Rupert’s fight for survival won’t be waged in the UK or Italy but in the US, where the business establishment has always seen him as an uncouth interloper. They’re patient men, quite happy to let the British and Australian media make the running until their quarry is weakened. Eventually, one of the myriad American agencies with a stake in local media regulation will pluck up the courage to assemble all the evidence and put Murdoch to the “fit and proper person” test. Which is where the real fun will start.

Meanwhile, the sudden departure of John Hartigan as boss of News Limited in Australia might now make more sense. Either he knew there was some very unpleasant stuff barrelling down the chute towards him, or the international Murdoch heavies realised they needed a fresh cleanskin in the CEO chair so he could run the “it-all-happened-before-my-time” defence.If the fallout does reach Australia, Hartigan’s successor Kim Williams may not be so lucky. Initially he could deflect any fresh allegations with an “I know nothing” shrug, but his recent long tenure as boss of Foxtel may now not seem such an impressive line on his CV.

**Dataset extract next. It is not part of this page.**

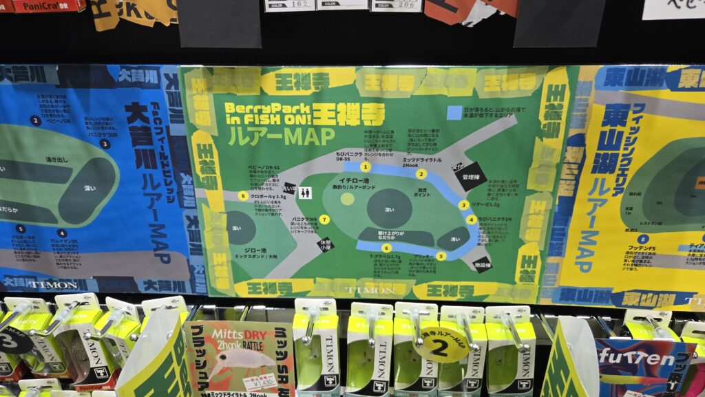 釣りフェスのJACKALLブースで事前にポイントマップをゲットしているので、イチロー池のポイントマップ上で①のあたりに釣り座を構えます。
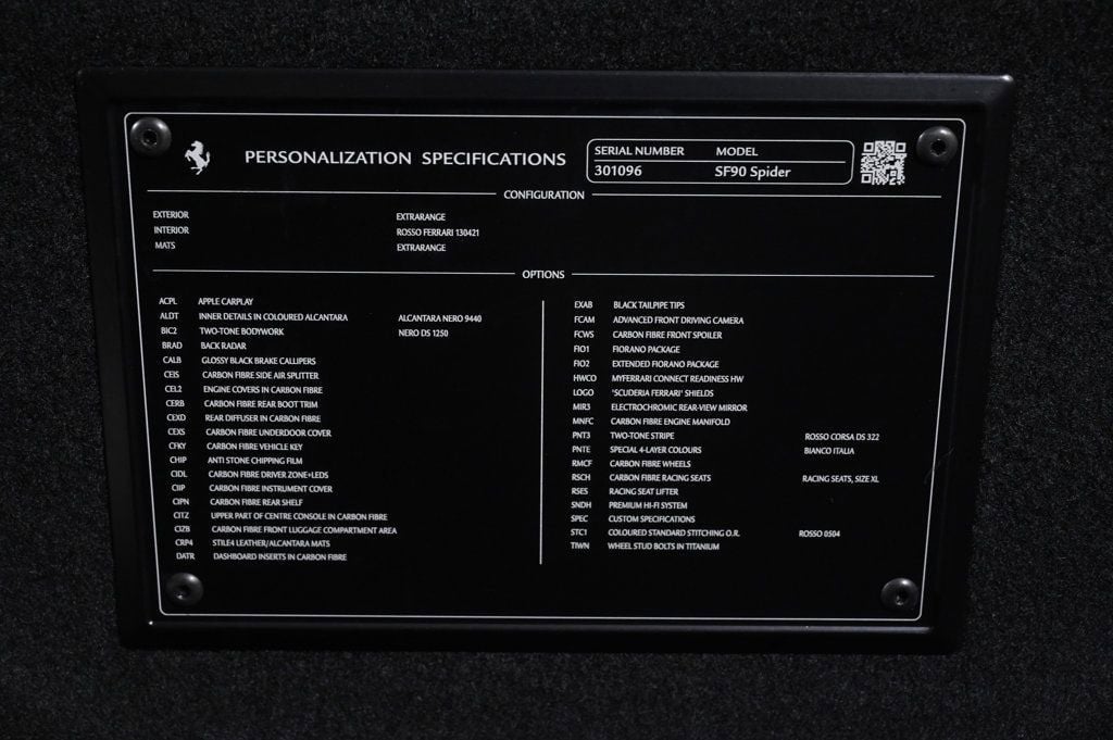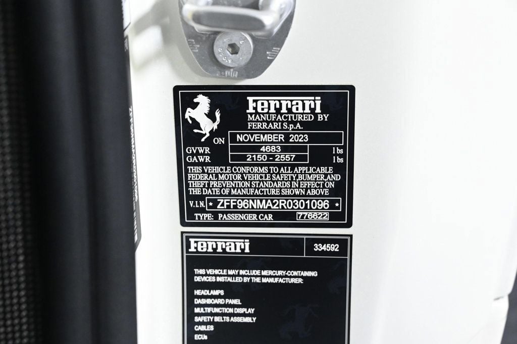 VERY LOW MILES! At just 1760 miles, this 2024 Ferrari provides great value. LOADED WITH VALUE! Comes equipped with: Air Conditioning, MP3, Navigation System. This Ferrari SF90 Spider also includes Clock, Climate Control, Power Passenger Seat, Tachometer, Memory Seat Position, Digital Info Center, Cruise Control, Tilt Steering Wheel, Power Steering, Telescoping Steering Wheel, Power Windows, Steering Radio Controls, Power Mirrors, Leather Steering Wheel, Leather Shifter, Driver Airbag, ABS Brakes, Fog Lights, Passenger Airbag, Traction Control, Intermittent Wipers, Side Airbags, Dynamic Stability, Keyless Entry, Rear Defogger, Security System, AM/FM, Rear Spoiler, Center Arm Rest, Cup Holders, Remote Fuel Door, Remote Trunk Lid, Heated Mirrors, Rear Fog Lamps, Daytime Running Lights, Parking Sensors, Reverse Camera, Roll Stability Control, Adaptive headlights, Heads Up Display, Tire Pressure Monitor, Premium Sound, Carpeted Floor Mats, Overhead Console, Aux. Audio Input, Onboard Hard Drive. Air Conditioning, Climate Control, Cruise Control, Power Steering, Power Windows, Power Mirrors, Leather Steering Wheel, Leather Shifter, Power Passenger Seat, Memory Seat Position, Clock, Tachometer, Digital Info Center, Tilt Steering Wheel, Telescoping Steering Wheel, Steering Wheel Radio Controls, Driver Airbag, Passenger Airbag, Side Airbags, Keyless Entry, Security System, ABS Brakes, Traction Control, Dynamic Stability, Rear Defogger, Fog Lights, Intermittent Wipers, AM/FM, Alloy Wheels, Leather Interior Surface, , Convertible HardTop, 6 Speakers, Radio data system, Automatic temperature control, Heads-Up Display, Power driver seat, Adaptive suspension, Four wheel independent suspension, 4-Wheel Disc Brakes, Ceramic disc brakes: front and rear, Dual front impact airbags, Dual front side impact airbags, Front anti-roll bar, Integrated roll-over protection, Low tire pressure warning, Passenger cancellable airbag, Rear anti-roll bar, Brake assist, Exterior Parking Camera Rear, Rear Parking Sensors, Delay-off headlights, Fully automatic headlights, Bumpers: body-color, Convertible roof wind blocker, Heated door mirrors, Power door mirrors, Spoiler, Apple CarPlay, Compass, Convertible roof lining, Driver door bin, Front reading lights, Illuminated entry, Outside temperature display, Overhead console, Power convertible roof, Sport steering wheel, Standard Seats, Telescoping steering wheel, Voltmeter, Front Center Armrest, Leather Seat Trim, Sport Plus Seats, Passenger door bin, Wheels: 20 x 9.5 Fr & 20 x 11.5 Rr, Glass rear window, Rain sensing wipers Adaptive headlights, Aux. Audio Input, Carpeted Floor Mats, Center Arm Rest, Cup Holders, Daytime Running Lights, Heads Up Display, Heated Mirrors, Navigation System, Overhead Console, Parking Sensors, Premium Sound, Rear Fog Lamps, Rear Spoiler, Rear Spoiler, Remote Fuel Door, Remote Trunk Lid, Reverse Camera, Roll Stability Control, Tire Pressure Monitor - Contact THE COLLECTION GENERAL at 786-349-9658 or GENERAL@THECOLLECTION.COM for more information. -

There’s another interesting Australian connection. When Rebekah Brooks had to be dumped last year as News International CEO in London at the height of the phone hacking dramas, Murdoch drafted in his veteran Australian fixer Tom Mockridge as the new boy with no bad backstory. But that strategy may now unravel as it emerges from The Independent investigation that Mockridge was at the helm of Sky Italia when it may have been involved in yet more shady dealings with encryption-card hackers.

Through it all, Murdoch and his lieutenants around the world have persisted with the inverted morality that’s become almost style-of-house for the News empire and its outlets. They run the largest commercial media conglomerate in the world, yet portray themselves as victims. They complain of being unfairly attacked by their enemies (those damned “elites” again) while never hesitating to use their power to push agendas and pursue vendettas. “Easy to hit back hard, which is preparing” Murdoch posted yesterday.

Indeed, Murdoch increasingly looks like the King Lear of Bel Air, tweeting against the tempest while his wives and children furtively position themselves to snaffle up whatever may be left of his crumbling empire. Last night he was still at it on Twitter, damning the AFR expose as “Proof you can’t trust anything in Australian Fairfax papers, unless you are just another crazy”.

Still crazy after all these years? This will get ugly before it’s over.